持続可能な消費生活・環境「家庭の経済生活・将来の経済計画」

茨城県立土浦第二高等学校 藤村 千恵美 先生

 

持続可能な消費生活・環境 

家庭の経済生活・将来の経済計画

 

<授業展開例>2022年12月9日 茨城県立土浦第二高等学校 藤村 千恵美 先生

 

■授業概要

授業校:茨城県立土浦第二高等学校

実施日時:2022年12月9日(金)第3校時 10:50〜11:45

授業者:藤村千恵美先生(家庭科)

対象:1年7組(40名)

授業タイトル:持続可能な消費生活・環境 「家庭の経済生活・将来の経済計画」  

■ねらい

生涯を見通した生活における経済の管理や計画の重要性について、ライフステージごとの課題や社会保障制度などと関連付けて考察する。 

■授業で使用したプリント

プリント1 プリント2

■授業写真

①左上 ②右上

③左下 ④右下

■使用資料

「生活設計とリスクへの備え」(公財)生命保険文化センター

牧野カツコほか『家庭基礎 自立・共生・創造』東京書籍

新井映子、小清水貴子ほか『スーパーライブビュー家庭科』東京書籍

茨城県高等学校教育研究会家庭部『茨城県版家庭科学習ノート』教育図書

■目次

1. <導入>生活設計とライフイベント 

2.<展開1>公的保障と私的保障

3.まとめ

 

■授業の流れ

<導入> 生活設計とライフイベント 2分

時間 学習形態  学習活動(授業の流れ)  
0:00 一斉講義 (先生)

今日は「持続可能な消費生活・環境」の6時間目、「家庭の経済生活・将来の経済計画」について学びます。

「生涯を見通して家計の資産をマネジメントできる消費者」になるために、自分の生涯について考え、見通し、生活における経済の管理や計画について理解を深め、考察してもらいたいと思います。


取材スライド1

 

生活設計を立てる上で、誰と、どこで、どのような生活をしたいのかを考えることが重要です。

前回の授業では、ライフイベントにどれくらいお金がかかるのかをシミュレーションしてもらいました。
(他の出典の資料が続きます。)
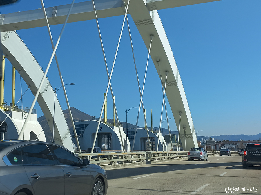 낙동강하구둑으로 접어듭니다. 하구둑은 지리 시간에 배운 기억이 납니다. 강의 하류에 해수의 침입을 막기 위해 만든 것입니다. 염해 피해를 줄이고 교통로로 이용할 수 있는 장점이 있습니다. 반대로 물의 흐름이 원활하지 않으니 환경파괴, 수질오염의 부작용이 생깁니다. 2022년 2월 낙동강 하구둑으로 단절된 물길을 35년 만에 열어서 뉴스에 나왔습니다. 생태계 복원을 기대합니다.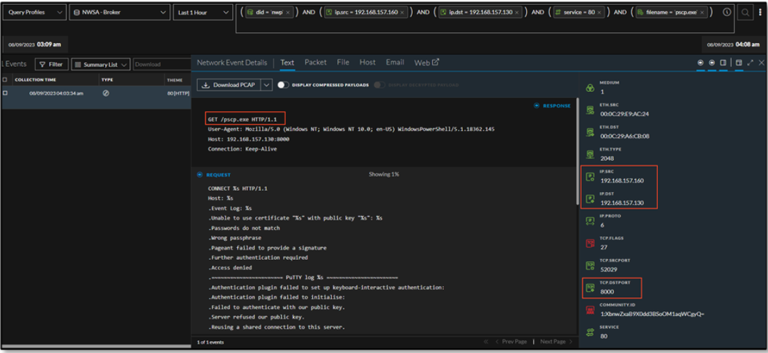 The analyst also observed the transfer of pscp.exe file to the victim machine, through an HTTP GET Request captured by NWP.

ここに挙げたライフイベントや、みなさんが「こんなことがあるといいな」「こんなことを達成したいな、大切にしたいな」と考えたイベントは、ある程度は自分で選ぶことができます。

 

取材スライド2

 

こちらを見てください。こちらに挙げたイベントは、できれば経験したくないのではないかと思います。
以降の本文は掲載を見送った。